ПЕРВОЕ ПОКОЛЕНИЕ ИССЛЕДОВАТЕЛЕЙ СОВЕТСКОЙ МОДЕРНОСТИ
Как известно, модерность – трудноуловимое понятие. Хотя Фицпатрик и неотрадиционалисты по умолчанию склонны были воспринимать группу сторонников модерности в контексте России и СССР как целостную, бросается в глаза, насколько по-разному историки развивают эту концепцию, подчеркивая различные аспекты исторического процесса. Поэтому велика вероятность, что группой приверженцы модерности стали исключительно благодаря критике. Первые научные исследования о России с точки зрения концепции модерности так или иначе опирались на существующую литературу на эту тему как в теоретическом, так и в сопоставительном плане, и модерность в них определялась совершенно по-разному. Например, в сборнике эссе «Российская модерность» главная попытка сформулировать полноценное определение модерности содержится в предисловии Янни Коцониса, который видит в ней прежде всего «интернализацию власти»52. Дэвид Хоффман в заключении к той же книге приравнивает модерность к просветительской «установке прогрессивного социального вмешательства и расцвету политики масс»53. Питер Холквист в своей классической статье о государственном контроле в России в общеевропейском контексте анализирует прежде всего специфически модерные практики и инструменты социальной и политической инженерии, сформировавшиеся в российской политической среде в военно-революционный период 1914–1921 годов54. По мнению Стивена Коткина, высказавшего важную мысль, что модерность в разных странах обозначала различные явления в зависимости от исторической эпохи, «межвоенному периоду» – эпохе масс – была свойственна модерность, в основе которой лежала триада массового производства, массовой культуры и массовой политики55.
По мере распространения концепции российской и советской модерности в 1990-е и 2000-е годы на первый план выступали различные черты модерности и их российские / советские проявления. Понятно, что различия непосредственно зависели от выбранной автором исторической проблемы и критериев сравнения. По мысли Юрия Слёзкина, высказанной в его интеллектуально эпатажной книге «Еврейский век» (в русском переводе – «Эра Меркурия. Евреи в современном мире»), «модернизация заключается в том, что все становятся подвижными, чистоплотными, грамотными, говорливыми, интеллектуально изощренными и профессионально пластичными горожанами». На первой странице книги утверждается, что «модернизация – это когда все становятся евреями»; но заявления об «образцовой модерности» евреев автору показалось недостаточно. Он также утверждает, что «все главные современные (антисовременные) пророчества были также решениями еврейского вопроса»: модернизм в искусстве – «осуждение современной жизни», марксизм, большевизм, фрейдизм («учение по преимуществу еврейское»), первый этап русской революции («еврейский век») и, наконец, само двадцатое столетие. Если какое-то из этих явлений кажется антисовременным или антимодернистским, это потому, что современное у евреев было неотделимо от древних и племенных особенностей56. Кейт Браун, описывая приграничные «кресы», наоборот, говорит о мрачном однообразии современности, обусловленном искоренением «культурной мозаики», стиранием прошлого отдельных народов и местностей в ходе войны с отсталостью, включавшей в себя «вырывание отдельных людей, семей и групп населения из родной для них среды»57.

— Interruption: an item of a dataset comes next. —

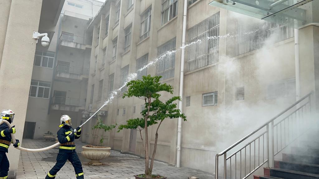 隨著演練模擬的火災(zāi)煙霧開始蔓延,演練人員方案的要求按滅火行動(dòng)組、通訊聯(lián)絡(luò)組、疏散引導(dǎo)組、安全救護(hù)組、安全警戒組、宣傳運(yùn)輸保障組分工協(xié)作,保證了科技樓疏散人員用毛巾掩住口鼻,沿預(yù)定路線有序撤離,火災(zāi)得以及時(shí)撲滅。

Тем не менее представляется возможным выделить некоторые общие тенденции, характерные для первого поколения научных работ, использовавших концепцию модерности применительно к России и Советскому Союзу. В частности, многие из тех, кто впервые заговорил о модерности в контексте революционной России и СССР, чаще всего сосредоточивались на преобразовательных планах и процессах, в особенности на политике государственного вмешательства, программах, сформулированных элитами, а также смещении породивших их исторических условий.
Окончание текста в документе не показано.